Re: [squid-users] anyone knows some info about youtube "range" parameter? from Eliezer Croitoru on 2012-04-26 (squid-users)

From: Eliezer Croitoru <eliezer_at_ngtech.co.il>
Date: Fri, 27 Apr 2012 07:43:59 +0300

On 25/04/2012 20:48, Hasanen AL-Bana wrote:
> wouldn't be better if we save the video chunks ? youtube is streaming
> files with 1.7MB flv chunks, youtube flash player knows how to merge
> them and play them....so the range start and end will alaways be the
> same for the same video as long as user doesn't fast forward it or do
> something nasty...even in that case , squid will just cache that
> chunk...that is possible by rewriting the STORE_URL and including the
> range start& end
>
> On Wed, Apr 25, 2012 at 8:39 PM, Ghassan Gharabli
> <sounarose_at_googlemail.com> wrote:
<SNIP>

i have written a small ruby store_url_rewrite that works with range
argument in the url.
(on the bottom of this mail)

it's written in ruby and i took some of andre work at
http://youtube-cache.googlecode.com

it's not such a fancy script and ment only for this specific youtube
problem.

i know that youtube didnt changed the this range behavior for the whole
globe cause as for now i'm working from a remote location that still has
no "range" at all in the url.
so in the same country you can get two different url patterns.
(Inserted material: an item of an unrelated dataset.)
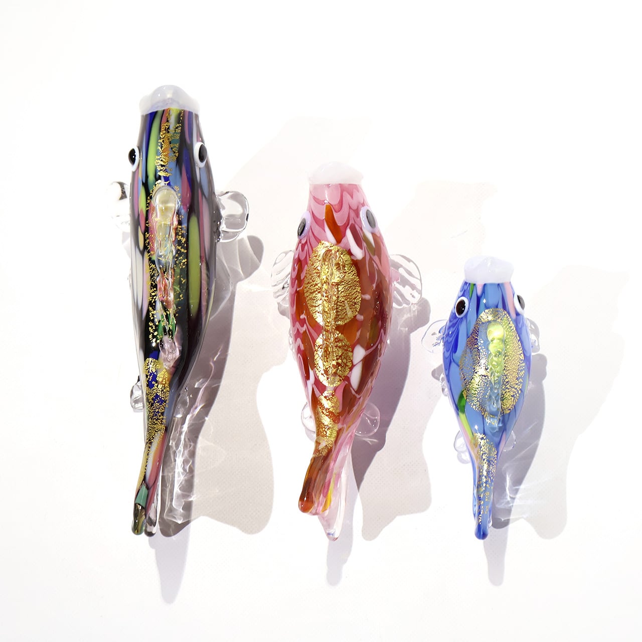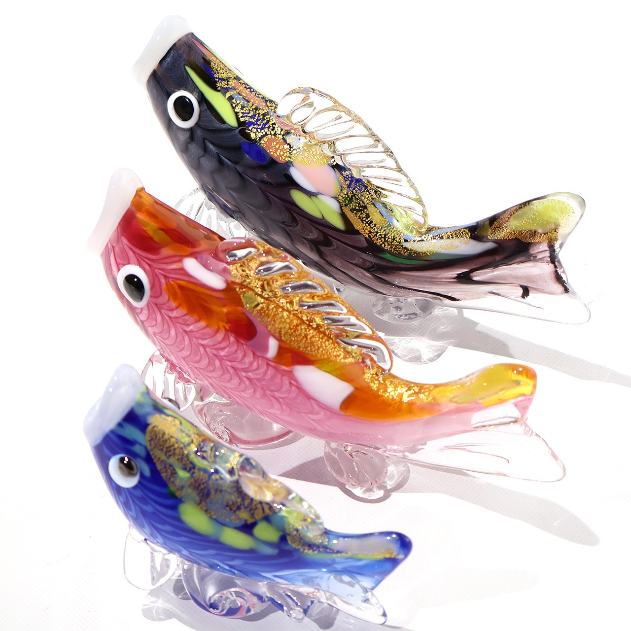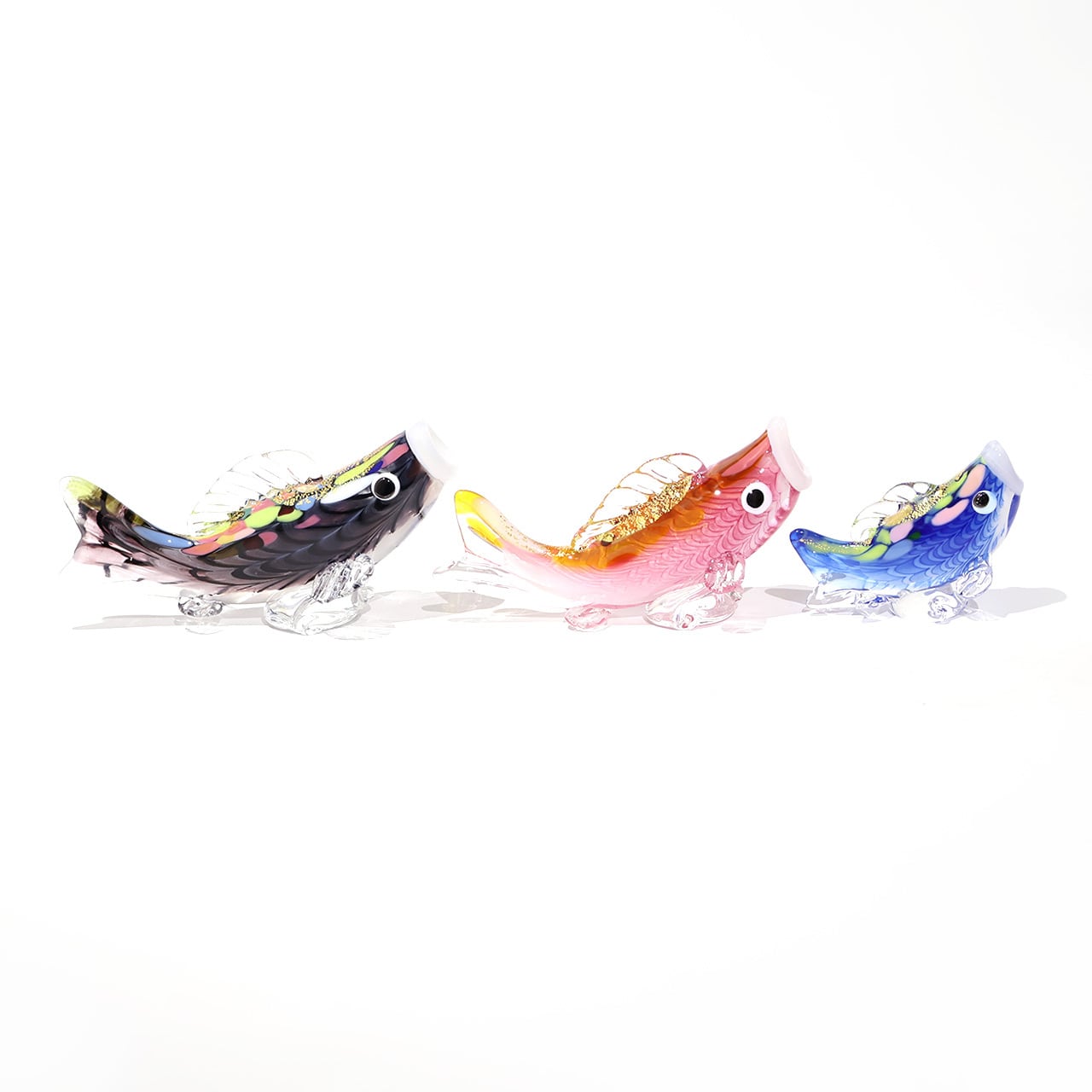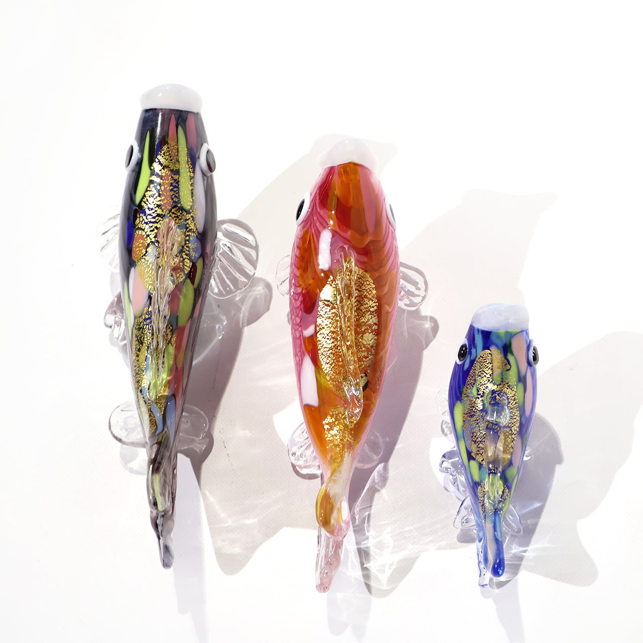 全面ミルフィオリ技法でできた真鯉、加えてマーブルのような鱗模様の入った緋鯉と青い鯉。

this script is not cpu friendly (uses more the same amount of regex
lookups always) but it's not what will bring your server down!!!

this is only a prototype and if anyone wants to add some more domains
and patterns i will be more then glad to make this script better then
it's now.

this is one hell of a regex nasty script and i could have used the uri
and cgi libs in order to make the script more user friendly but i choose
to just build the script skeleton and move on from there using the basic
method and classes of ruby.

the idea of this script is to extract each of the arguments such as id
itag and ragne one by one and to not use one regex to extract them all
because there are couple of url structures being used by youtube.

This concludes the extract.